BEGIN

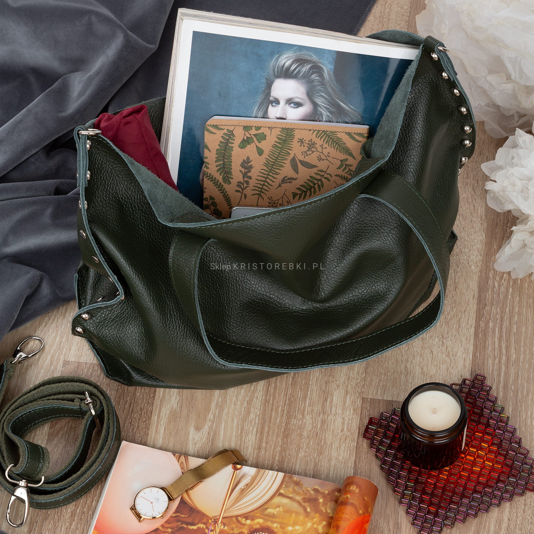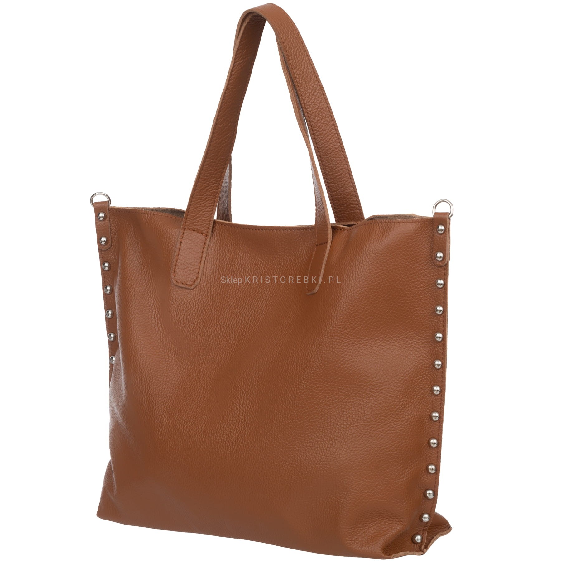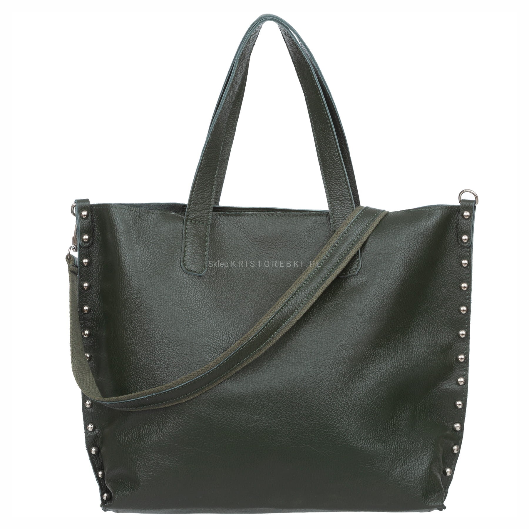 VERA PELLE torebka damska skórzana shopper z ćwiekami i paskiem na ramię V494 ciemna zielona
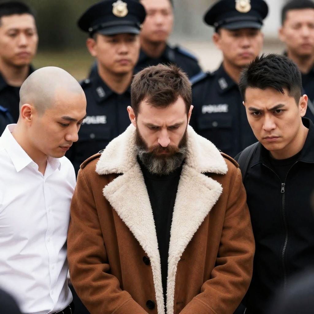 Photograph of three men in the foreground, surrounded by a group of people in the background. Center man with brown coat, white fur collar, and gray beard leans forward. Left man bald, wearing white shirt, looks downward. Right man with short dark hair, black shirt, intense expression. Police officers in black uniforms stand in the background.
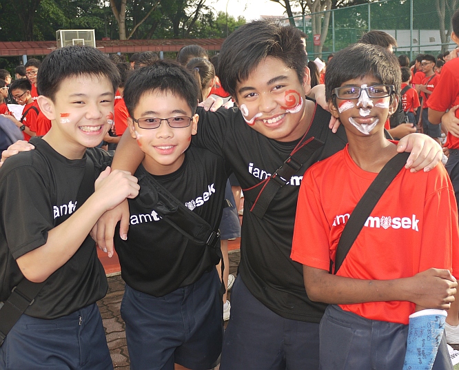 Temasek Secondary School celebrated National Day on 7 Aug 2013. All the students were given red and white paints and while most painted a simple representation of the national flag on their faces, some people came up with the most garish designs. After 30 minutes of laughing at each other and taking selfies, 1,028 students and staff gathered for a memorable group photograph.

END

PROBLEM TO SOLVE | Could you print the listing above word for word, without its pictures?

SOLUTION TO THIS PROBLEM |
 VERA PELLE torebka damska skórzana shopper z ćwiekami i paskiem na ramię V494 ciemna zielona
 Photograph of three men in the foreground, surrounded by a group of people in the background. Center man with brown coat, white fur collar, and gray beard leans forward. Left man bald, wearing white shirt, looks downward. Right man with short dark hair, black shirt, intense expression. Police officers in black uniforms stand in the background.
 Temasek Secondary School celebrated National Day on 7 Aug 2013. All the students were given red and white paints and while most painted a simple representation of the national flag on their faces, some people came up with the most garish designs. After 30 minutes of laughing at each other and taking selfies, 1,028 students and staff gathered for a memorable group photograph.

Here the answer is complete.